А мать все сидела и смотрела на небо, хоть птицы давно улетели.

Дуне стало скучно. Пошла она по полянке искать синие подснежные цветы. Вдруг остановилась. Обомлела. Увидела куст несказанной красоты. Всюду еще и листьев нет, а этот — цветами убрался. Цветы эти, не то розовые, не то лиловые, сидят пучками на голых безлистых ветках и пахнут. Ах, как сладко пахнут! На весь лес разносится их запах. Перебивает и запах прелых листьев, и запах мокрой земли и талого снега…

Со всех ног кинулась Дуня к цветущему кусту. Наломать бы таких веток. Да побольше! Снести домой розовые пахучие цветы. Пусть стоят в избе, пусть красуются.

— Не смей… Не смей… Не тронь… — услыхала Дуня за своей спиной испуганный окрик матери.

И вот уже мать рядом с ней. Со щек весь румянец страхом согнало. Глаза потемнели. И давай шлепать Дуню и по рукам, и ниже спины, и опять по рукам.

— На всю жизнь запомни… (И — шлеп! — по одной руке.) Волчье лыко это! (И — шлеп! — по другой руке.) Никогда не трогай… (И опять шлепок.) Глупая, несмышленая. (Куда попало лупила мать маленькую Дуню.) Притронешься — язвы пойдут. Волчье лыко это! Волчье лыко! Помереть от него можно…
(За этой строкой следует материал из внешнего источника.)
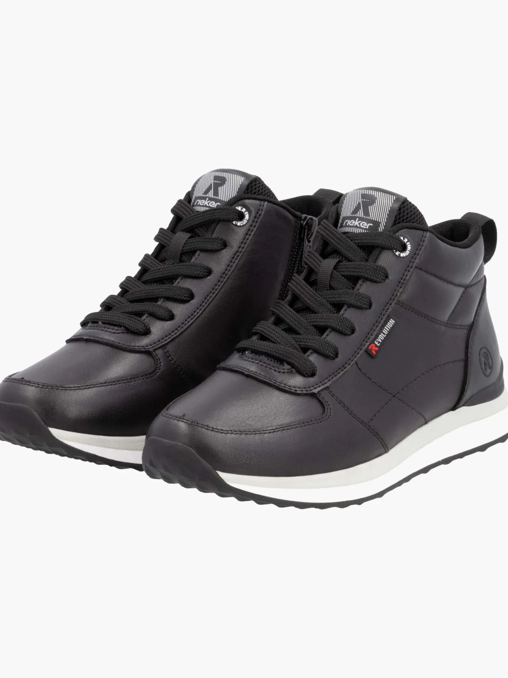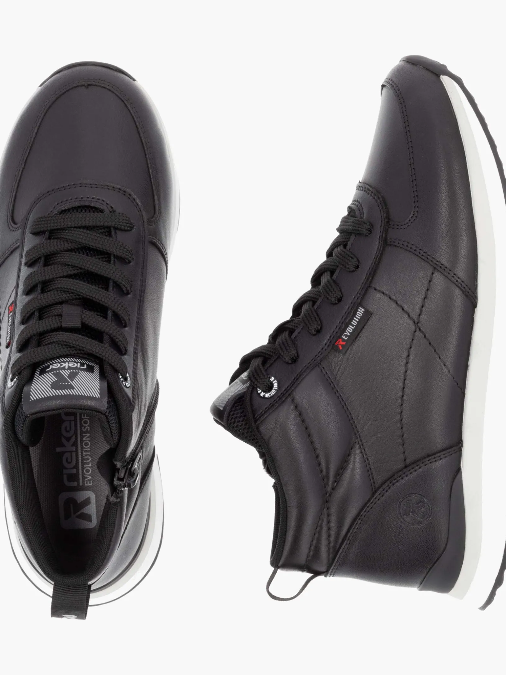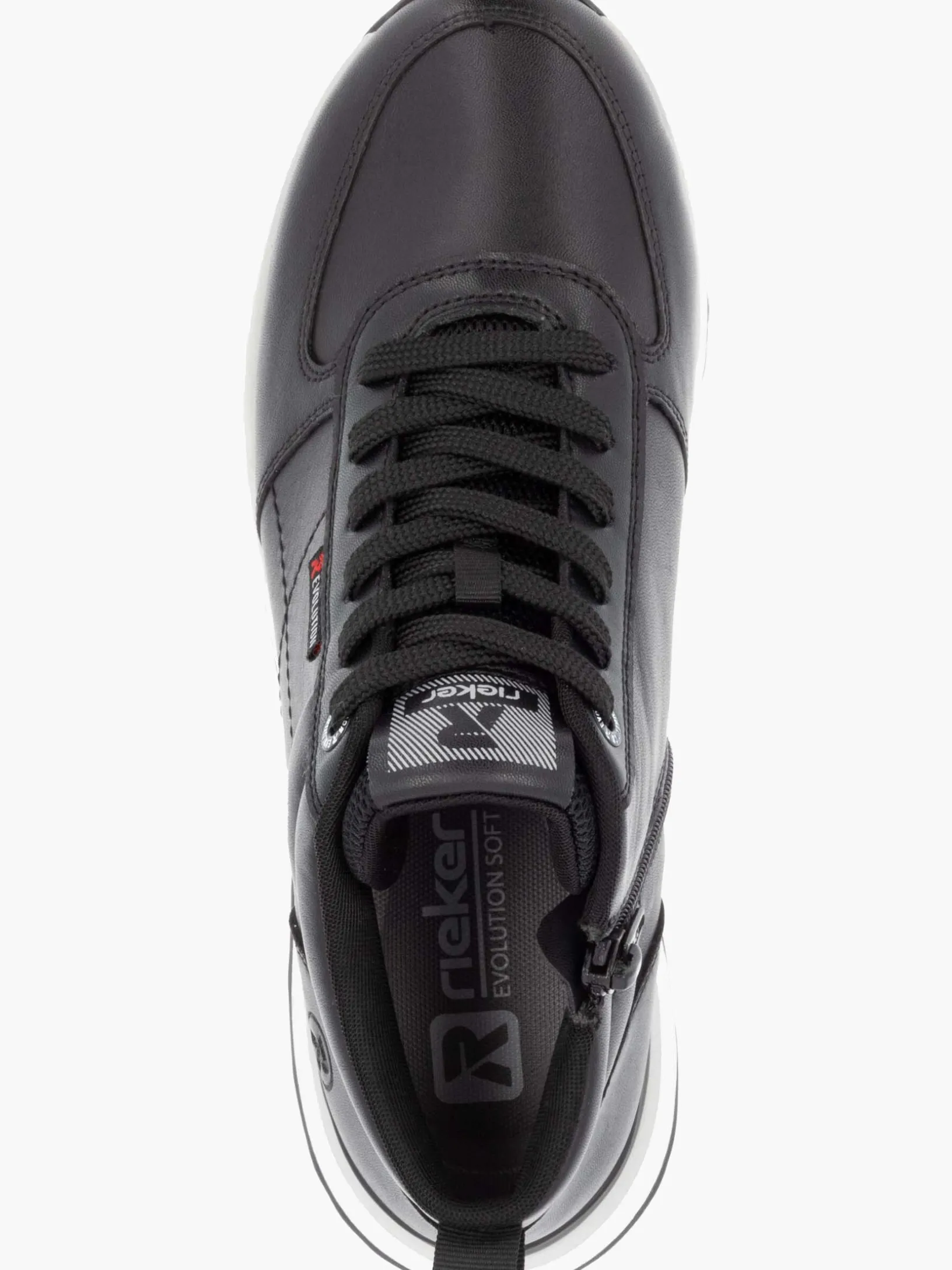 Achtung Trendalarm! Mit diesen Rieker EVOLUTION Sneakern aus Glattleder in Schwarz musst du dich nicht zwischen Style, Komfort und Funktion entscheiden. Die geniale Kombination aus Schnürung und Reißverschluss ermöglicht ein einfaches An- und Ausziehen. Die super leichte und flexible Sohle verwöhnt die Füße darüber hinaus bei jedem Schritt. Die gepolsterte und herausnehmbare Einlegesohle ist das praktische Komfort-Feature schlechthin. Das Modell ist auch für Frauen mit großen Füßen die perfekte Wahl, denn es gibt den Schuh bis zur Schuhgröße 43. Dank der atmungsaktiven Innenfütterung aus Microvelour ist idealer Tragekomfort garantiert. We love it!

Дуня вся изревелась, вся слезами облилась от этого материнского учения. Однако наука пошла ей впрок. Никогда больше не притронулась она к кусту, у которого такие душистые, такие красивые и такие страшные цветы. Не раз видела она волчье лыко. Видела весной, когда стоит в безлистом еще лесу нарядный куст, весь убранный сиреневыми цветами, — и тянет, и манит своей красотой. Но Дуня знала — только с виду кустик пригож. Обходила его и весной в пору цветения, и осенью, когда на нем созревали темно-красные крупные ягоды… Волчьи ягоды.

И вдруг такой тоской защемило у Дуни сердце. Прижать бы голову к теплому плечу матери, выплакать всю обиду. Только мать поймет и пожалеет. Пошепчет ей на ухо: «Ничего, доченька, перетерпи. Утри глаза да запомни: растет в лесу и волчье лыко. Что поделаешь!» Но матери рядом нет, а на глазах у Дуни ни одной слезинки. Глаза у нее суровые… Коли надо, и не такое она может перетерпеть. Но надо ли?

За окном, млея на солнце, покачиваются пышные цветы кипрея. А тут, в горнице, томительно жужжат мухи.

У входной двери щелкнул замок. Дуня насторожилась: неужто девушки уже воротились? Так быстро? Или незаметно для себя провела она возле окошка долгие часы?

В горницу ворвалась Матрена Сидоровна. Платок на волосах сбился. Тяжелая шаль с широких плеч сползла на спину. На Дуню уставился колючий, почти ненавидящий взгляд:

— Свалилась на мою голову… Дубина стоеросовая! Сбирайся, балда… Живее! Барин тебя требует.